I think that there are many good and perfectly acceptable ways of parenting that will yield outstanding results, and I also feel that despite universally-acknowledged bad parenting, kids can turn out just fine as well.  But I still believe that there is probably one best way of parenting, and my philosophy comes closest to it.

This doesn’t mean that other ways, including ill-advised means of parenting, can’t be effective.  It simply means that the chances of them being effective are reduced.   

For example, we all know or have heard of someone who lived well into his nineties while smoking two packs of cigarettes a day

Does this mean that smoking is a good thing for some people, or does it mean that bad decisions can still produce positive results?

And could the smoker who died at 95 have lived to 110 had he not smoked?

Measuring lost potential is an impossible task.

Although I am pleased with the way I turned out and am at least moderately successful in terms of meeting my life goals, what could I have been had there been books in books in my childhood home and help with my homework and parents who did not allow me to stay out at all hours on a school night?

What if my parents had attended my Little League games and track meets and fed me more than bologna on bread for lunch everyday and required me to practice my instrument and read every night?

What if I had been sent to college immediately after high school instead of having to claw and scrape my way to get there years later?

Where might I be today?

And yet my mother might say that her style of parenting worked out just fine for me, and who could argue?  Her son is a successful teacher and novelist and he owns a small business.  He is married to a great woman and is raising a bright, precocious, well behaved daughter.

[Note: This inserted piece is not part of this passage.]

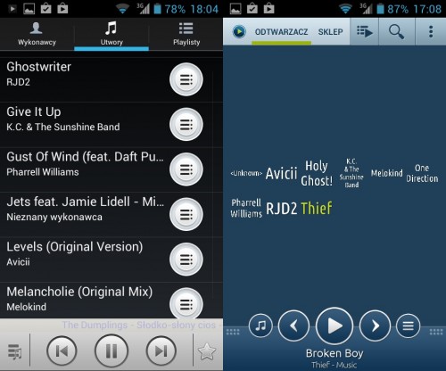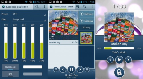 Podczas słuchania muzyki możemy łatwo sterować odtwarzaczem, dzięki jego implementacji na ekranie blokady. Sam dźwięk generowany przez telefon jest przeciętnej jakości, na słuchawkach brakuje mu nieco głębi i szczegółowości. Głośnik zewnętrzny jest głośny i na maksymalnym poziomie czasami tylko lekko trzeszczy.

But this doesn’t mean that her parenting decisions were right.  While I have managed to survive and thrive, my sister has had a considerably tougher life and my brother disappeared five years ago and has not been seen or heard of since.

I managed to beat the odds, but they were certainly stacked against me.      

No, I suspect that there is a best way of parenting, and I suspect that my philosophy of ferocity is close to it.

And I know this makes some people angry, especially if they have adopted an opposing philosophy, because parenting is a very personal matter, and to question one’s decisions in regards to their children treads on dangerous ground.

But relax. Just because I think I am right doesn’t mean that I am right.

I mean, I am right, or close to it.  But you can think otherwise.  

And it also doesn’t mean that I always adhere to this philosophy.  There are nights when my ferocity wanes as I battle with my daughter over brushing her teeth and rainy days when I cave into her demands to watch Sesame Street when I know that we cannot play outside.

Having a philosophy and adhering to it all of the time are two entirely different things.

I am not always as ferocious as I should be. 

But I still believe that I should be.